**WORK ITEM**
Every line from the one containing "この動作を左右10回ずつ繰り" to the end of the data below should be copied exactly, but pictures should not.

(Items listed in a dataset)
★ ★ ★ ★ ★

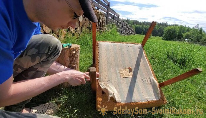 Первым делом снял старую обивку. Удалил все скобы и гвоздики. Открутил ножки и разъединил спинку и сиденье (так мне легче было с ними работать).
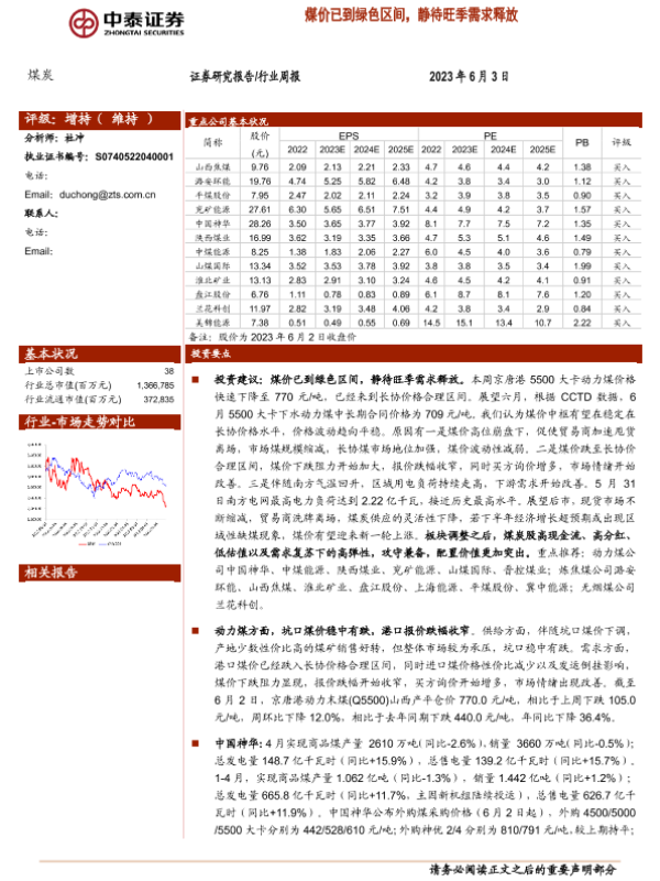 【中泰证券】【20230603】中泰证券-煤炭行业周报:煤价已到绿色区间,静待旺季需求释放-27页
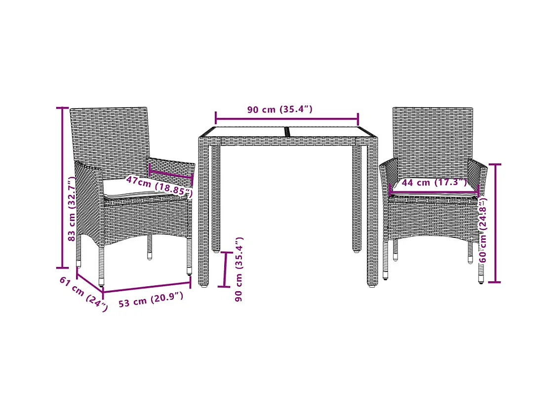 Ensemble à manger de jardin et coussins 3 pièces noir rotin verre
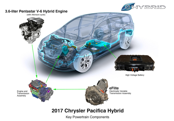 2. Chrysler Pacifica Hybrid: Động cơ Pentastar V6 3,6L cùng một hệ thống plug-in hybrid.
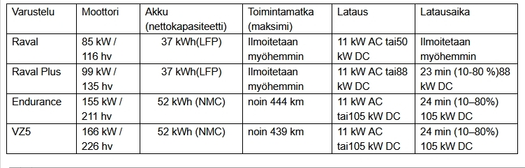 Lanseerausvaiheen erikoisversioiden lisäksi Raval tulee saataville neljänä perusversiona. Raval (85 kW) ja Raval Plus (99 kW), joissa on 37 kWh LFP‑akku ja DC-lataus on vakiona. Endurance (155 kW) ja VZ (166 kW), joissa on uusi 52 kWh NMC unified cell ‑akku, ja jopa 444 km toimintamatka (WLTP) sekä jopa 105 kW DC-lataus.
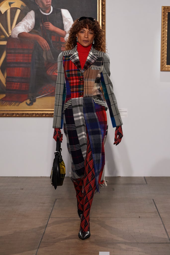 Designers have revamped iconic school patterns with contemporary twists, including vibrant houndstooth and plaid at Chanel and Versace, windowpane checks at Rokh, buffalo plaids at Off-White and Nanushka, and mixed prints at Marine Serre.
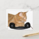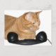 orange/ginger tabby cat with an old telephone receiver as if talking to someone or waiting for that special call. A good reminder to keep in touch for cat lovers
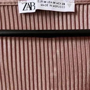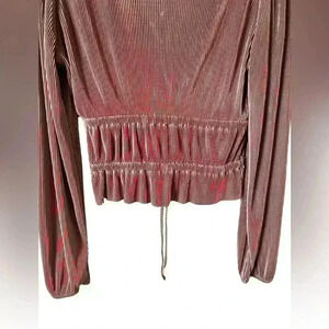 Zara Woman's Cropped Pleated Long Sleeve Top Pink Mauve
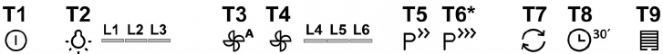 Med påslått skjerm (ON) og avslått vifte (OFF), skal man holde knappene T8 og T9 inntrykt samtidig i mer enn 3
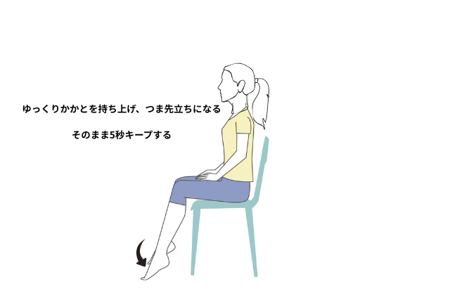この動作を左右10回ずつ繰り返しましょう。また、かかとの上げ下げはゆっくりと行うことがポイントです。
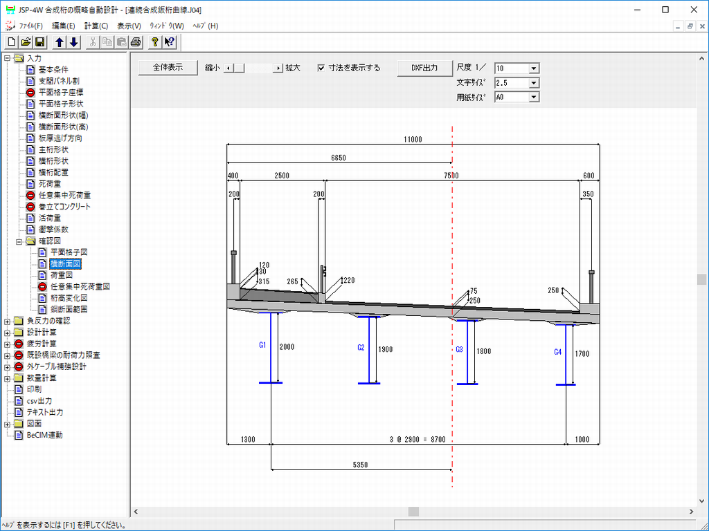 • 平面格子図、横断面図、荷重図、桁高変化図、構造一般図などをDXFファイルに出力が可能です。

★ ★ ★ ★ ★

**ANSWER FOR THE TASK**
この動作を左右10回ずつ繰り返しましょう。また、かかとの上げ下げはゆっくりと行うことがポイントです。
 • 平面格子図、横断面図、荷重図、桁高変化図、構造一般図などをDXFファイルに出力が可能です。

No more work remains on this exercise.